Sanepar usa aterro de Cianorte para capacitação

02

O vice-presidente do Comitê Técnico e Científico da Associação Internacional de Resíduos Sólidos (ISWA, na sigla em inglês), Luis Marinheiro, visitou na semana passada em Cianorte,  o aterro municipal operado pela Companhia de Saneamento do Paraná (Sanepar). Marinheiro é uma das maiores autoridades mundiais no tema de resíduos sólidos e um reconhecido consultor no setor.

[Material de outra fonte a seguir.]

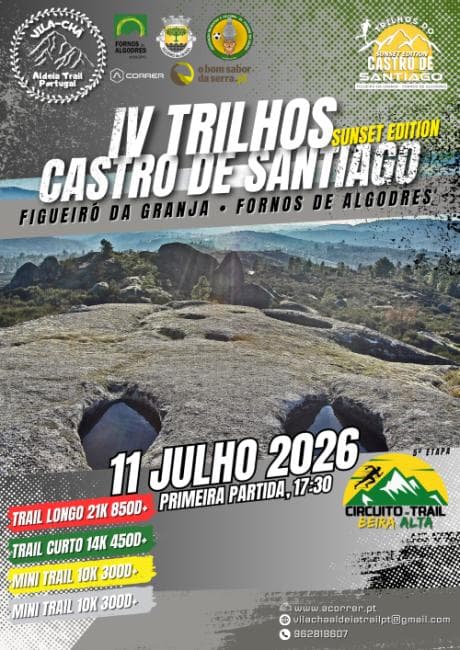The 4th edition of Trilhos Castro de Santiago - Sunset Edition takes place on July 11, 2026, in Figueiró da Granja, Fornos de Algodres! Organized by AVCAT - Associação Vila Chã Aldeia Trail de Portugal, this event is the 5th stage of the Beira Alta Trail Circuit 2026, offering a unique trail running experience at sunset.

Na passagem por Cianorte, ele também deu um curso para a equipe da Companhia que atua na gestão de aterros e resíduos sólidos. Participaram 20 técnicos, que conheceram práticas e o modo de gestão de aterros sanitários em Portugal, país de origem do vice-presidente. Durante a visita ao aterro, Marinheiro pôde observar como ele é operado e elogiou a Sanepar pelo desempenho em relação ao trabalho realizado com os resíduos sólidos.

A experiência portuguesa em relação ao lixo tem se destacado mundialmente. “Portugal é um ótimo exemplo na gestão dos resíduos sólidos, tendo acabado com todos os lixões e implantado um sistema eficiente, regulado e com tarifas justas”, explica o gerente da área de resíduos sólidos na Sanepar, Péricles Weber.

Marinheiro também ministrou em Curitiba uma oficina no “Workshop Técnico da Missão Internacional Paraná-Portugal: evolução, organização, planejamento e regulação do setor do saneamento e gestão de resíduos em Portugal”.

RESÍDUOS – Além dos serviços de água e esgoto, a Sanepar também atua na gestão de resíduos sólidos urbanos, operando os aterros sanitários de Cianorte, Apucarana e Cornélio Procópio.

O aterro sanitário de Cianorte foi o primeiro do Paraná a ter seu sistema de gestão ambiental certificado pela NBR ISO 14001:2004, concedida pelo Instituto de Tecnologia do Paraná (Tecpar), e também foi o primeiro do Brasil a ser administrado por uma companhia estadual de saneamento, com processos sendo executados dentro do que preconizam as normas técnicas e ambientais. Além dos resíduos de Cianorte, esse aterro recebe, atualmente, resíduos sólidos urbanos das cidades de Indianópolis, Guaporema, São Tomé e Terra Boa, somando aproximadamente 20 mil toneladas ao ano.